Tired of those awful sunburns? [Nikko Knappe’s] UV sensing glasses will warn you before you become crisp and red as a lobster. The bump added to the bridge support hides a TSL230R light frequency sensor. The device automatically switches on when the arms are unfolded and starts tracking cumulative exposure. If it detects a rising UV level, or you are about to burn based on skin type, an LED inside one arm of the frames will flash to inform you.

This has some potential if you think David Brin’s Earth outlines how climate change is really going to play out.

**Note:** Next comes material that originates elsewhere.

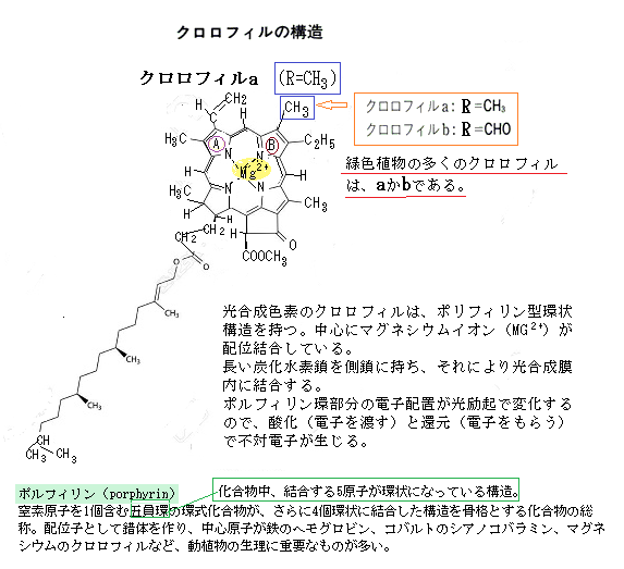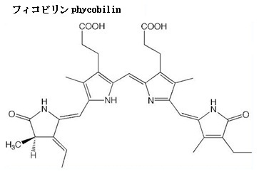 シアノバクテリアや藻類では、フィコシアニンはフィコビリソーム(光捕集複合体)の一部として働く。620 nm 付近の光を吸収し、650 nm の光では、「余剰エネルギーの漏れ」として蛍光を放つ。結果、必要なエネルギーだけを光合成反応中心へ効率的に伝達する。その蛍光は、光捕集の効率を測る指標として利用されている。 フィコシアニンはスピルリナの中に含まれる『青い宝石のような色素タンパク質』で、スピルリナはシアノバクテリアの一種で、淡水・汽水域に生息する地球最古級の生命体と言われている。タンパク質・ビタミン・ミネラル・抗酸化物質が非常に豊富で、「スーパーフード」と呼ばれる理由は、この総合的な栄養価の高さにある。 アロフィコシアニンallophycocyaninは、シアノバクテリアの光合成アンテナ『フィコビリソーム』のコア部分を構成する主要色素タンパク質で、フィコシアニンよりやや緑がかる青緑色、主に 赤色光(約650 nm)を吸収する。フィコビリプロテイン(光捕集色素タンパク質)の一種、発色団フィコビリンを持つ。フィコビリソームの中心部で、最終的に光エネルギーを光化学系 II に渡す。 フィコビリンphycobilinは、シアノバクテリア・紅藻・クリプト藻などが持つ水溶性の光合成補助色素で、タンパク質と結合してフィコビリプロテインを形成する。これらは光捕集アンテナ複合体フィコビリソームを構成し、クロロフィルが吸収しにくい波長の光を効率よく吸収する。外観の色は、赤・青緑・黄など。主な吸収光は、生物それぞれの種類による。 フィコエリスリンphycoerythrinは、緑光の光合成に関与する赤色のフィコビリタンパク質で、主に紅藻やシアノバクテリアに存在する。外観の色は、鮮やかな赤色から橙赤だが、緑〜黄緑光をよく吸収する。 紅藻やシアノバクテリアのフィコビリタンパク質の分子内には光合成でクロロフィルに光エネルギーを渡す補助色素C-フィコエリスリンやR-フィコエリスリンなど複数のタイプが含まれている。吸収極大は565 nm、蛍光極大は577 nm。天然の色素として食品や化粧品に使用されるほか、免疫測定のための試薬としても利用されるなど、諸研究においてもモデルタンパク質として利用される。 フィコエリスリンは、光合成においてクロロフィルに光を伝える役割を果たし、特に緑色の光を吸収しにくい植物にとって重要である。フィコエリスリンは、光合成において重要な役割を果たし、クロロフィルの酸素生成効率を高めることが知られている。つまり、フィコエリスリンは、クロロフィルが吸収できない波長の光を補完し、効率的にエネルギーを渡すことで酸素発生(O2 evolution)を強化する。 クロロフィル a は、 青色域と赤色域で強い吸収ピークを持つ。青色では、 約 430 nm 前後が 高エネルギー光で、励起効率が高い。赤色では、約 662〜668

Either way it’s still fun and we give bonus points to [Nikko] for disguising the lilypad that controls this as a flowery hair-pin.

Puppet Circuits

This isn’t a specific project, so much as a pointer to a budding new site. Puppet Circuits is the project of [Raphael Abrams], one of the co founders of NYC Resistor. As you can probably guess, he has been posting about the circuits he uses in his animatronic puppets. I faces all kinds of problems since may of the systems are to be worn and have to endure some pretty rough treatment and still perform well. Very interesting stuff to read about.

Augmented Reality Glasses

Augmented reality is a pretty neat thing but we don’t want to live our lives staring at a smartphone as we walk around. [F00] didn’t either so he built these augmented reality glasses. You can see a hole in the middle of the glasses where he added a webcam. The camera captures the image in front of you, processes it through augmented reality software, then sends the image to the wearable display that makes up the body of this hack. Integrate this into the head-mounted Linux hack and you’ll be able to ride your bike around the real world with your blast shield down instead of being tethered to your trainer in a virtual universe.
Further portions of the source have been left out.